1. zonguldak'a son gidişimde bir kez daha şehrin girişinde, şehrin kendine has hüznünü hissettim -belki de bunu sadece ben hissediyorum-. ankara tarafından şehre girişte dar bir cadde, kırık dökük evler, dükkanlar, köprüler karşınıza çıkar. sonra yıkılıp inşaata dönüştürülen alanları görürsünüz. kendimi çok bunalmış hissederim bu manzaraların içinden geçerken. hüzünden sonra yıkımlar, şantiyeler, yeni binalar, eskilerin arasında sıkışmış yeni binalar... çok can sıkıcı.

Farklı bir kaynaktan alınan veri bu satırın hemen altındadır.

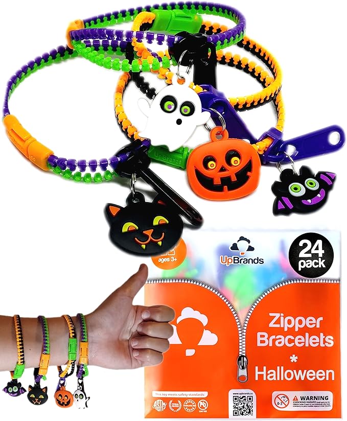 - UpBrands Halloween Zipper Bracelets – 24 Pack: These fun and colorful zipper bracelets are perfect for adding excitement to Halloween goodie bags and non-candy trick-or-treat toys. UpBrands' bracelets are adored by children and create a thrilling sensory experience, making any party or celebration a hit!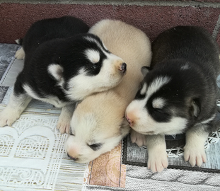Disponibili bellissimi cuccioli siberian husky bianco nero m e f .vengono ceduti sverminati vaccinati con microchip e trattamento antiparassitario a euro 450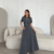 Kısa Kollu Önden Fermuarlı Çan Etekli Uzun Elbise – Antrasit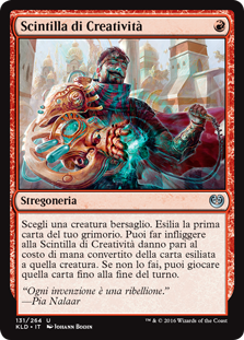 | Rules | Choose target creature. Exile the top card of your library. You may have Spark of Creativity deal damage to that creature equal to the exiled card's mana value. If you don't, you may play that card until end of turn. |
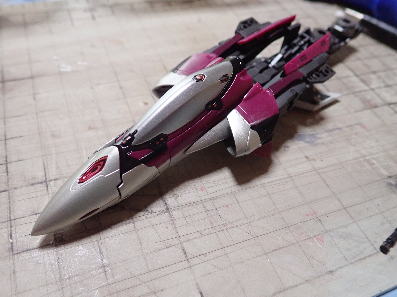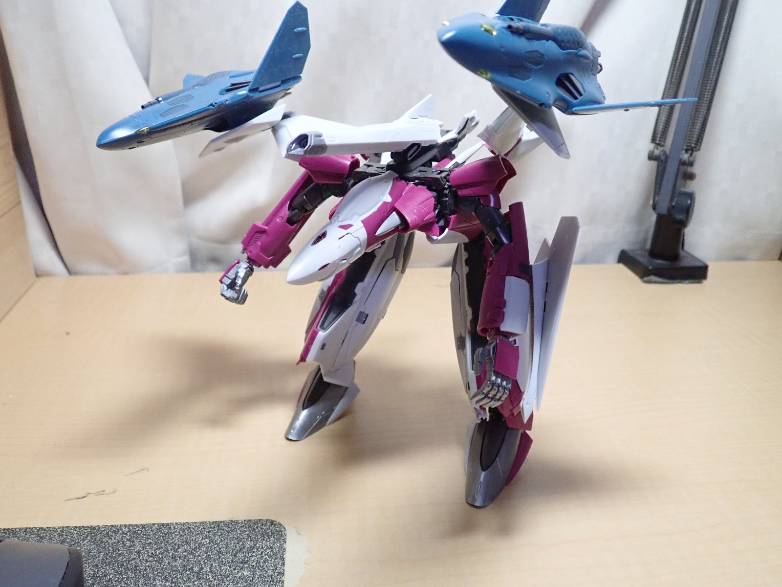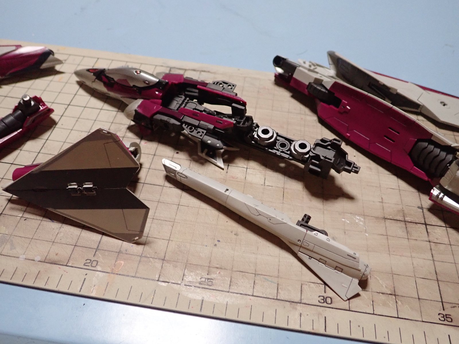 仮組しました。組むのは大変だけど出来上がるとカッコイイです。VF-25の時代に比べたらカッチリロックされて非常に綺麗に変形できます。ただ、変形トイでは無いので数回変形した後は、お気に入りの形態で飾っておくという感じでしょうか。また、変形も複雑なので塗装はしない方がよいでしょうね。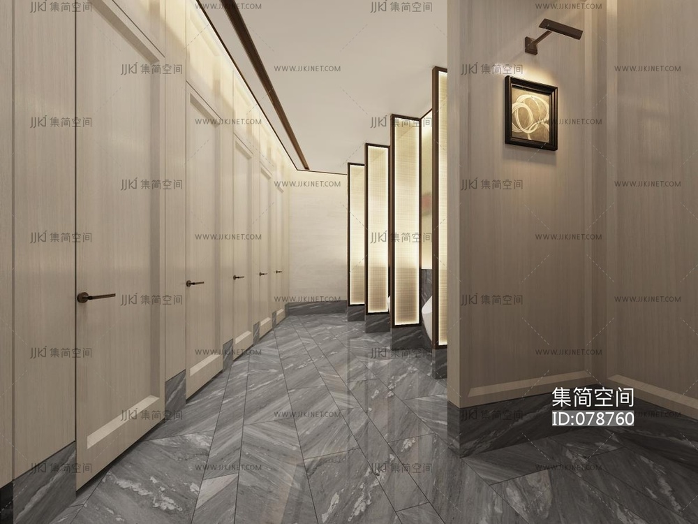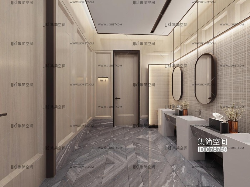 新中式酒店公用卫生间,立柱式洗手台,台上盆 3d模型下载 [模型ID:78760]

    sanki bir kaybedilmişlik var. tozun, kömür karasının içinde yıllardır çalışan işçilerin artık bugün büyük bir kabullenmişlikle yenildiklerini hissediyorum.
    bu, bütün türkiye için ve bütün dünya için geçerli şuan. saçma sapan koşullarda sabah 8'den gece 10'a kadar çalışan market işçileri, sosyal hakları olmayan hamallar, inşaat işçileri, taşeronlar, sendikası bile olmayan dersane öğretmenleri, hakkını aramaktansa iş arkadaşlarının kuyusunu kazmaya çalışan her türlü beyinsiz emekçi fena halde yenilmiş durumdalar. ve farkında bile değiller. o yüzden bu başlığa büyük bir şaşkınlıkla yazıyorum. 1991'de zonguldak'ta başlayan direnişe imreniyorum. bunca yıldır bu bilincin gelişmektense geri gidişine hayret ediyorum.
    ve tüm bunları da en son yine zonguldak'ta görüp hissettim.

    son olarak tanım: zonguldak maden işçilerinin ve halkının destansı başkaldırısıdır.